[EXERCISE DIRECTIONS]:
Please reproduce the records below exactly, omitting any pictures they contain.

SOURCE RECORDS section start

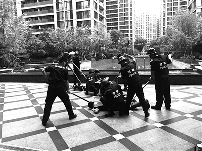 本报讯 近日,杭州市拱墅区祥符街道申慧社区的安保人员在监控屏幕中发现,2个背着黑色书包的陌生男子从东侧铁栅栏翻入小区。监控人员立即呼叫巡逻人员前去查看。“请问你们到哪里去?”巡逻人员刚发问,那2名男子便焦躁不安起来,其中一人还从书包里拿出器械又打又砸。小区里来了暴徒?原来,这是申慧社区联合祥符派出所、绿城物业开展的一次防暴应急演练。
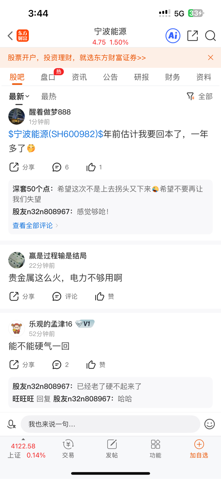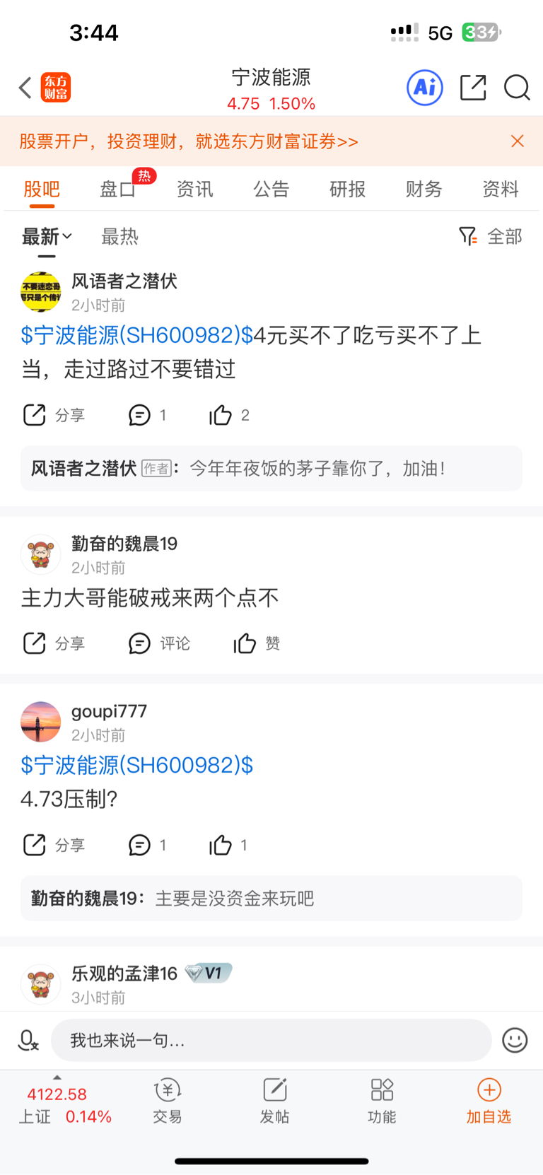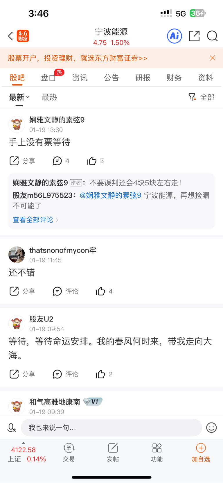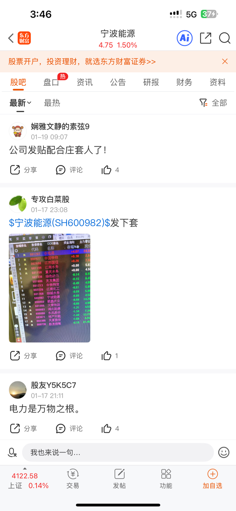 首先我们看看宁波能源的股吧(详见一下附图)
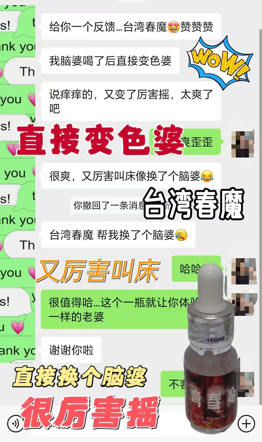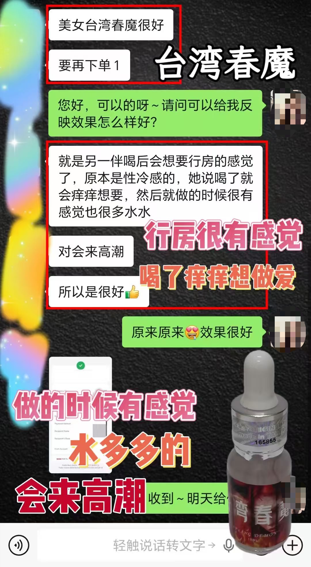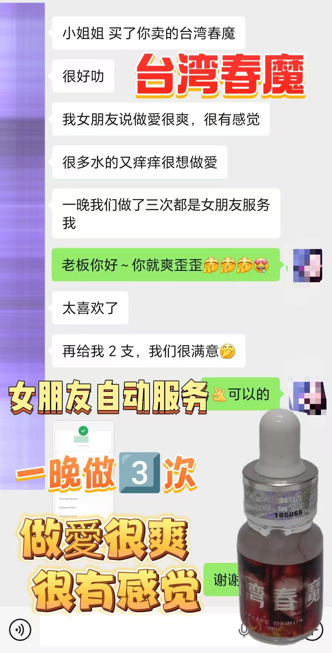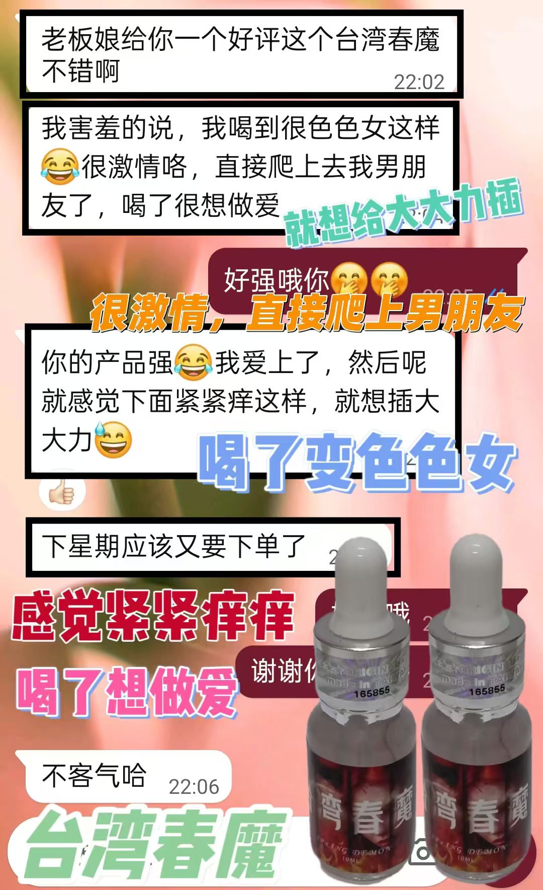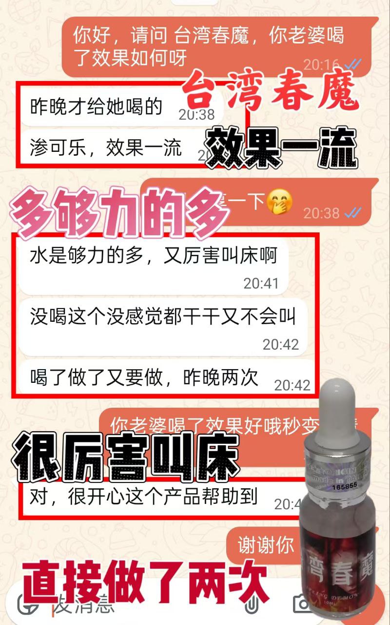 新品[庆祝][庆祝]台湾春魔,就有一种强烈的性.爱欲望,浑身舒痒,性.欲亢进,阴.液大量外流,急需异性陪伴,大腿和小腹处舒痒无比,身体异常敏感 ~很想和你啪啪啪 😘 ★功效 : 增进性爱情趣,对女性性冷淡有极好的改善作用。 ★用法与用量:房事前5分钟,取本品溶于开水,咖啡、啤酒或其他饮料中服用
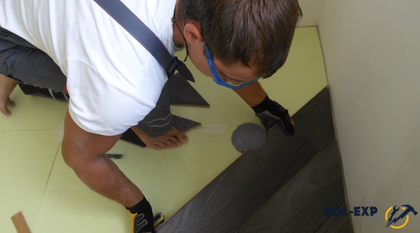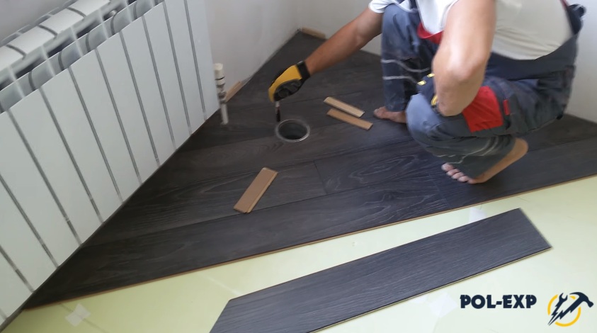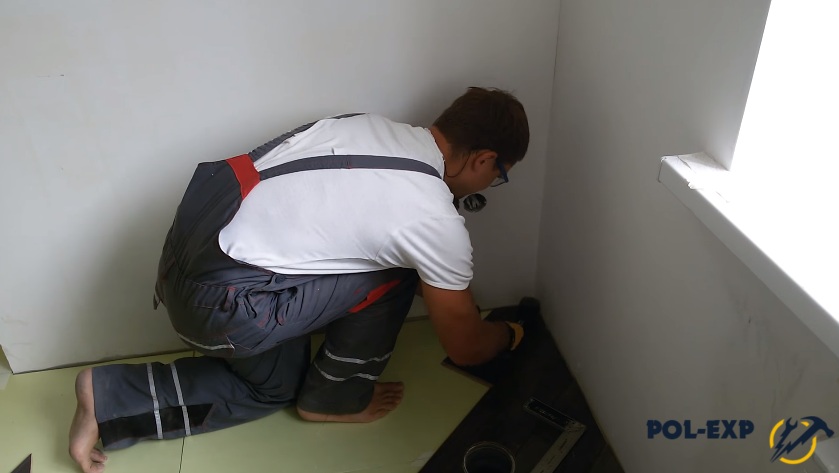 Практический совет. Не стоит добиваться идеально ровного среза, щель между покрытием и стеной в дальнейшем закроется плинтусом.
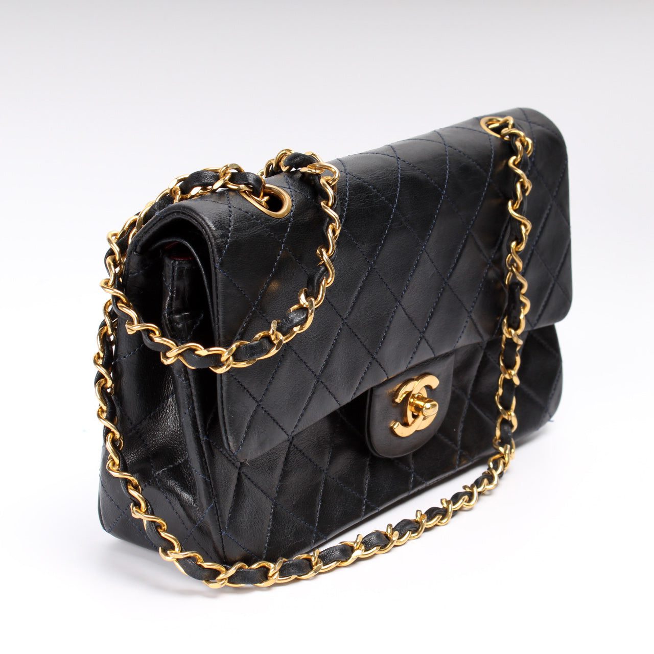 Chanel Classic Flap Small. The exterior is in the classic Chanel Lambskin leather. Â

SOURCE RECORDS section end

[EXPECTED ANSWER]:
 本报讯 近日,杭州市拱墅区祥符街道申慧社区的安保人员在监控屏幕中发现,2个背着黑色书包的陌生男子从东侧铁栅栏翻入小区。监控人员立即呼叫巡逻人员前去查看。“请问你们到哪里去?”巡逻人员刚发问,那2名男子便焦躁不安起来,其中一人还从书包里拿出器械又打又砸。小区里来了暴徒?原来,这是申慧社区联合祥符派出所、绿城物业开展的一次防暴应急演练。
 首先我们看看宁波能源的股吧(详见一下附图)
 新品[庆祝][庆祝]台湾春魔,就有一种强烈的性.爱欲望,浑身舒痒,性.欲亢进,阴.液大量外流,急需异性陪伴,大腿和小腹处舒痒无比,身体异常敏感 ~很想和你啪啪啪 😘 ★功效 : 增进性爱情趣,对女性性冷淡有极好的改善作用。 ★用法与用量:房事前5分钟,取本品溶于开水,咖啡、啤酒或其他饮料中服用
 Практический совет. Не стоит добиваться идеально ровного среза, щель между покрытием и стеной в дальнейшем закроется плинтусом.
 Chanel Classic Flap Small. The exterior is in the classic Chanel Lambskin leather. Â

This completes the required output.